At 3.30pm today the Funeral Mass for the late Mark O’Sullivan RIP will be celebrated in the Church of the Immaculate Conception, Kanturk, Co Cork, in the Diocese of Cloyne. Father Toby Bluitt PP will be chief celebrant for this Mass which will be concelebrated by Father John Magner.
In accordance with current public health restrictions, Mark’s Funeral Mass shall take place privately involving family members only.
Introduction and Welcome
Good afternoon and welcome to the Church of the Immaculate Conception, Kanturk for the Funeral Mass of Mark O’ Sullivan.
My name is Toby Bluitt, I am the Parish Priest of Kanturk, Lismire and Castlemagner.
Grief is never an easy burden to bear – and never more so when it comes to us in what can only be described as an untimely, shocking and tragic way.
We gather in such grief today, carrying a burden that not only seems to be, but in fact is overwhelming.
We gather to comfort and support each other in our common loss.
We gather to make sense of the senseless.
We join with Bishop Crean in offering our deepest sympathies to Anne, relatives and extended family.
We ask you to keep them in your prayers as they endeavour to navigate this path of unexpected loss and anguish.
We welcome friends, neighbours and all who due to the current restrictions are unable to be with us in person here today.
I would like to welcome and thank my colleague Father John Magner for his Ministry to the family during this difficult week and for joining me today in offering the Funeral Mass for Mark.
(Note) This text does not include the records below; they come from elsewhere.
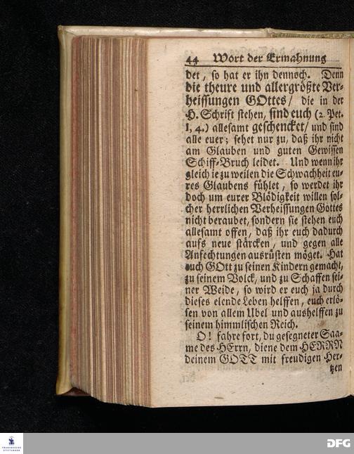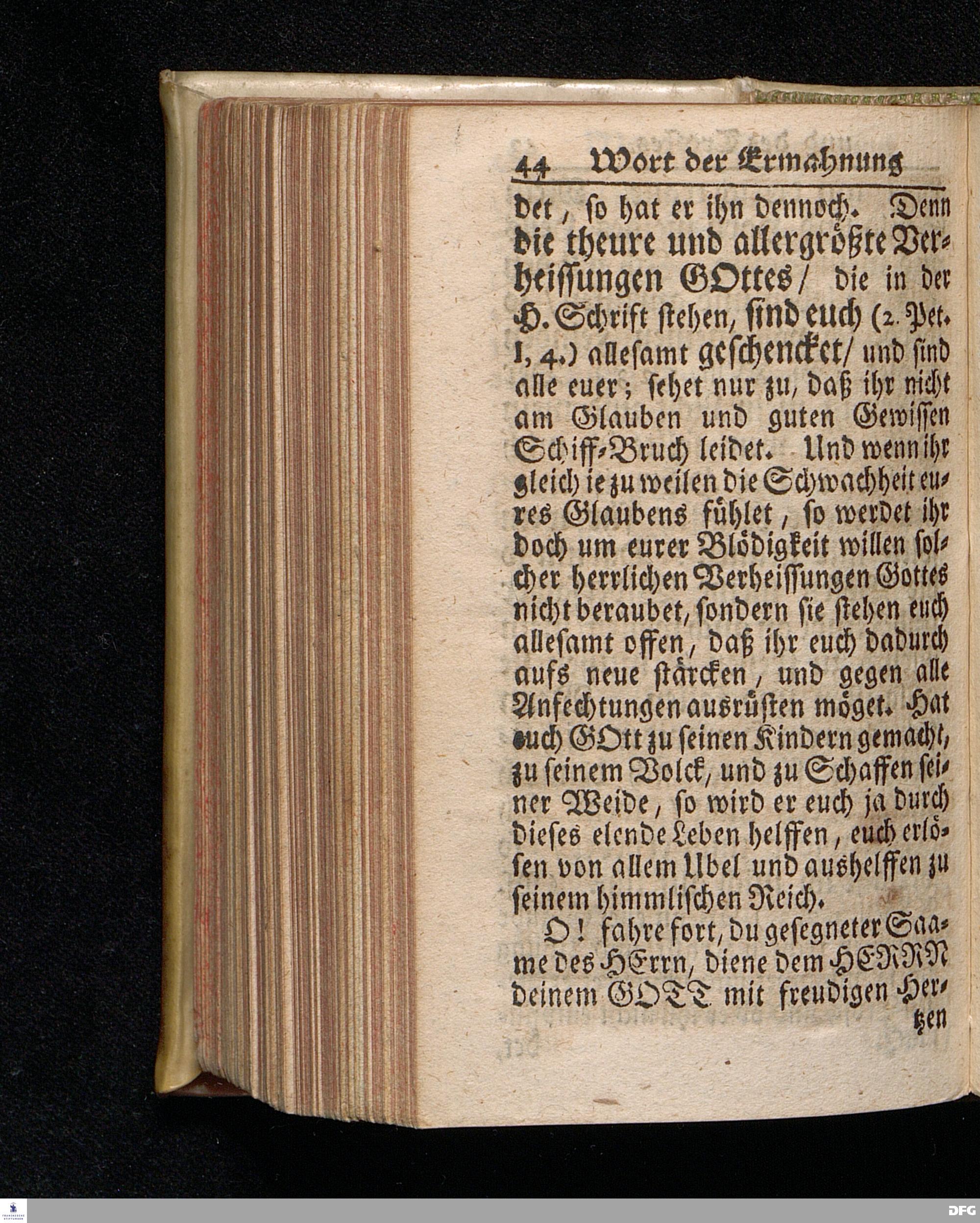 Ein Wort der Ermahnung und des Trostes An Die in einer namhaften Stadt Befindliche GOtt suchende und GOtt liebende oder doch von der Wahrheit die in Christo JEsu ist, wenigstens einiger Massen, überzeugte Seelen / aus Christlichem Wohlmeynen, nach einigem Aufenthalt daselbst, abgelassen aus Halle den 7.Jan.1710. von August Hermann Francken. Andere Auflage. [Bibelzitat.] HALLE, In Verlegung des Wäysenhauses. 1723.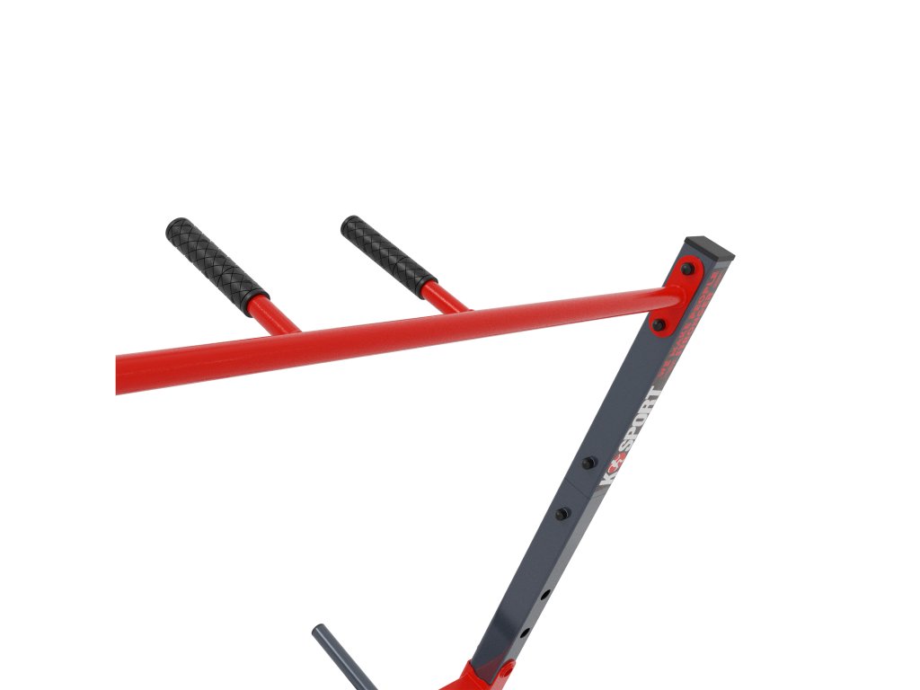 Model KSSL061 je opremljen s sistemom za pritrditev nastavkov, ki vam omogoča izvajanje številnih dodatnih vaj in s tem krepitev celotnega telesa. Vse to omogočajo vgrajena trapezna palica, vzporedne palice, zahvaljujoč dodatnim držalom celo vaje z utežmi.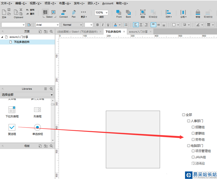 axure中想要制作一個下拉多選部門的控件,可以應(yīng)用在企業(yè)管理或者BPM相關(guān)流程等場景,例如選擇只給保安部門的人發(fā)消防通知,該怎么制作呢?下面我們就來看看詳細(xì)的教程。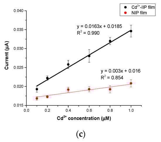 As shown from Figure 5a, the current responses value increased within the tested Cd2+ ion concentration. However, saturation reached value upper than 2 µM, due to the occupancy of cavities. Notably, the imprinted sensor shows high affinity and specificity towards Cd2+ ions compared to that obtained for NIP films, confirming the imprinting effect on this polymer. The linear regression was established between 0.1 and 1 µM, with a sensitivity of 0.0163 µA µM−1. In addition, it was possible to evaluate the imprinted factor as 6.86, highly indicating the specific recognition of template from imprinted cavities on Cd2+-IIP films.
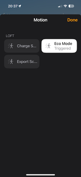 Three of the states which can be configured via the GivEnergy App or via the Web UI are represented as motion detectors, if they are triggered that represents enabled. In the example below this shows eco mode is enabled and that scheduled charge and scheduled export are currently disabled. Unfortunately a way to represent the times for these has not been found.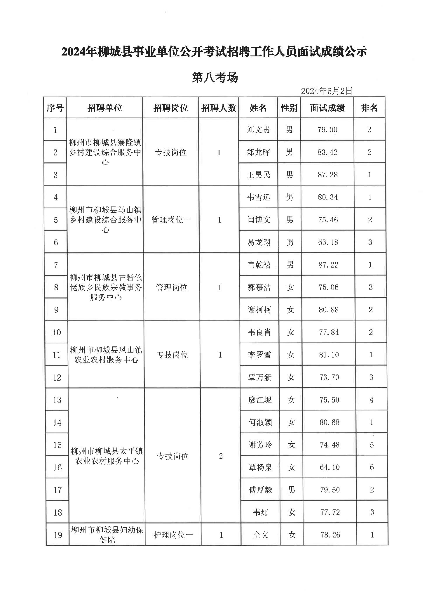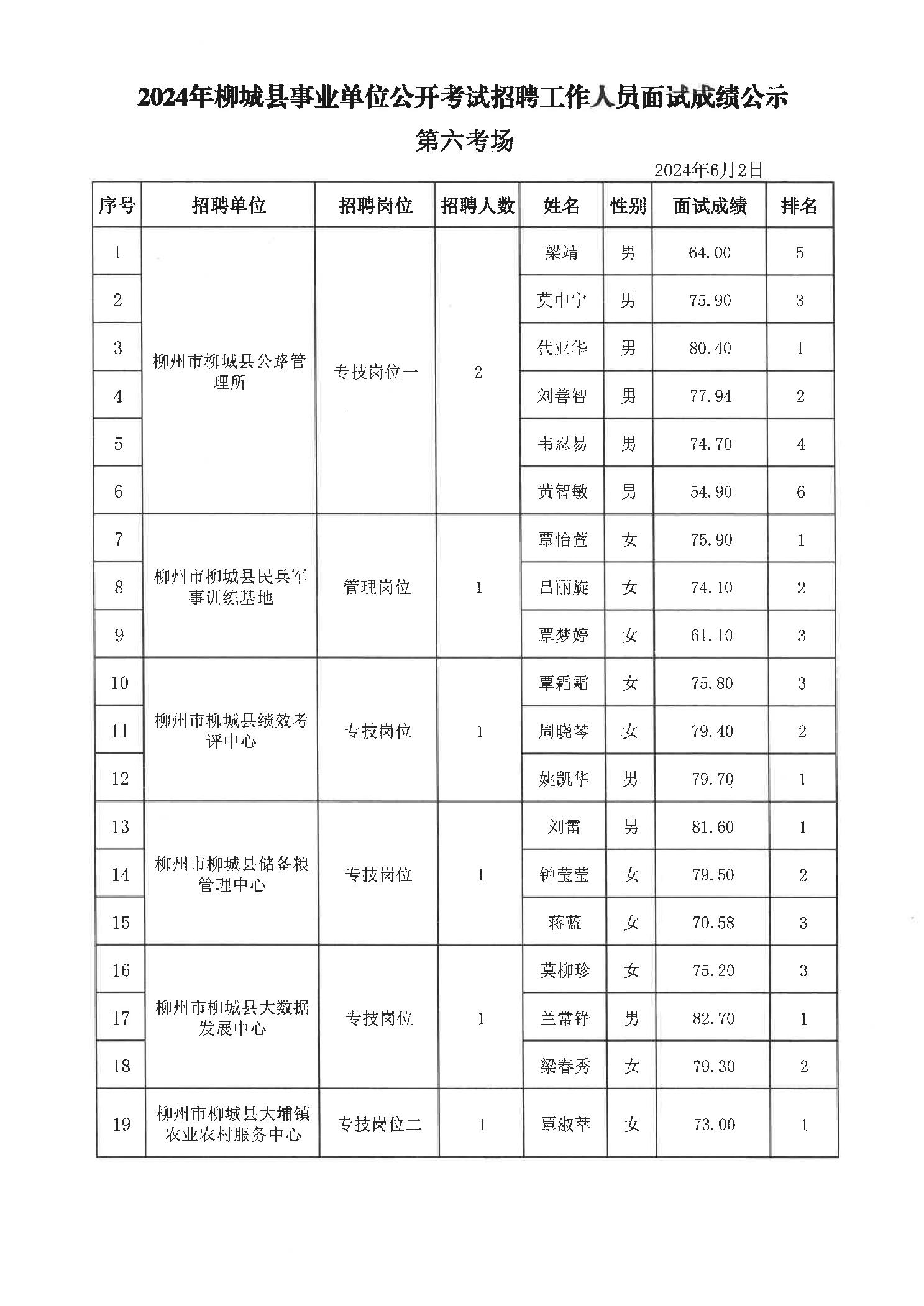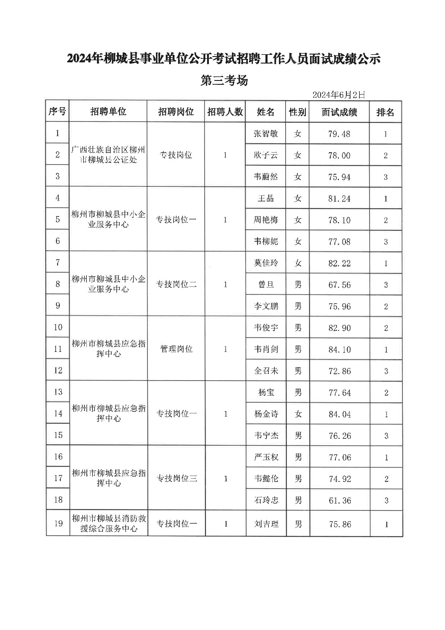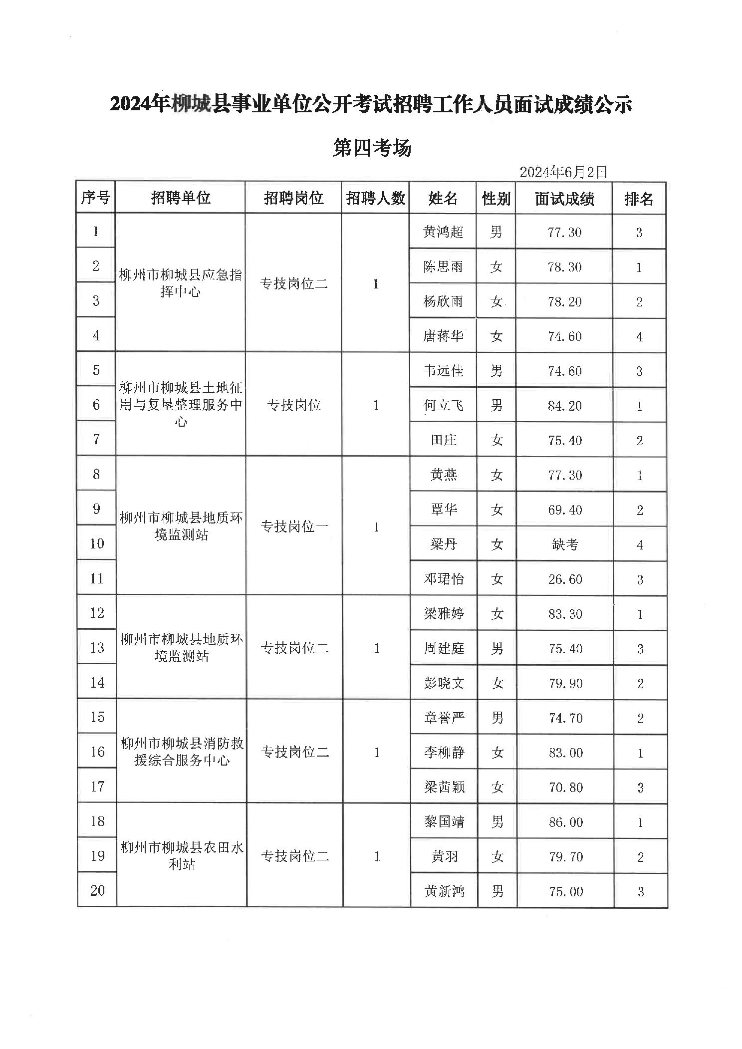 2024年柳城縣事業單位公開考試招聘工作人員面試成績公示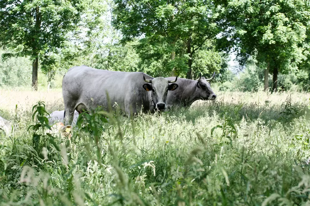In 2011 hebben wij als eerste ter wereld een goed doorlichte ‘koeientuin’ gebouwd, waar de runderen heerlijk in de beschutting van inpandige bomen kunnen staan met voldoende frisse lucht, daglicht en uitloop naar buiten, zoals het hoort. In een weiland ligt een koe het liefst onder een boom, daarom staan er bomen in de stal. Het is een open stal, zodat er veel lucht en licht is; het dak is van lichtdoorlatend materiaal. Ook de wanden zijn grotendeels open. Onze Gasconne koeien en kalfjes voeren we zoveel mogelijk gras en met de kruiden die in de weide groeien. In de winter krijgen de koeien ook bietenpulp, aardappels en bierbostel. Wist je dat onze stal is uitgebreid? In de Horn heeft boer Dirco een vierde boog toegevoegd aan onze serrestal.

O Lord, support us all the day long,
until the shadows lengthen, and the evening comes
and the busy world is hushed
and the fever of life is over, and our work is done
then Lord, in thy mercy, grant us a safe lodging,
a holy rest and peace at the last
whose days are without end
and whose mercies beyond counting
keep us mindful
that life is short and the hour of death unknown
Let your spirit guide our days on earth
sure in faith, strong in hope, perfect in love
And when our earthly journey is ended
lead us rejoicing into your kingdom
Through our Lord Jesus Christ your Son who lives and reigns with you in the unity of the Holy Spirit
One God for ever and ever.
A reading from the prophet Isaiah
The spirit of the Lord God is upon me
because the Lord has anointed me
he has sent me to bring good news to the oppressed
to bind up the broken hearted
to proclaim liberty to the captives
and release to the prisoners
to comfort all who mourn
to give them a garland instead of ashes
the oil of gladness instead of mourning
They will be called oaks of righteousness
The planting of the Lord, to display his glory
The Word of the Lord
Response: The Lord is my light and my help
The Lord is my light and my help
whom shall I fear?
The Lord is the stronghold of my life;
Of whom shall I be afraid R
There is one thing I ask of the Lord
for this I long
to live in the house of the Lord
all the days of my life R
Do not abandon or forsake me
O God my help
Hope in him, hold firm and take heart
Hope in the Lord R
A reading from the Second Letter of Saint Paul to the Corinthians
We do not proclaim ourselves; we proclaim Jesus Christ as Lord and ourselves as your slaves for Jesus’ sake
For it is the God who said ”Let light shine out of darkness”, who has shone in our hearts to give the light of the knowledge of the glory of God in the face of Jesus Christ.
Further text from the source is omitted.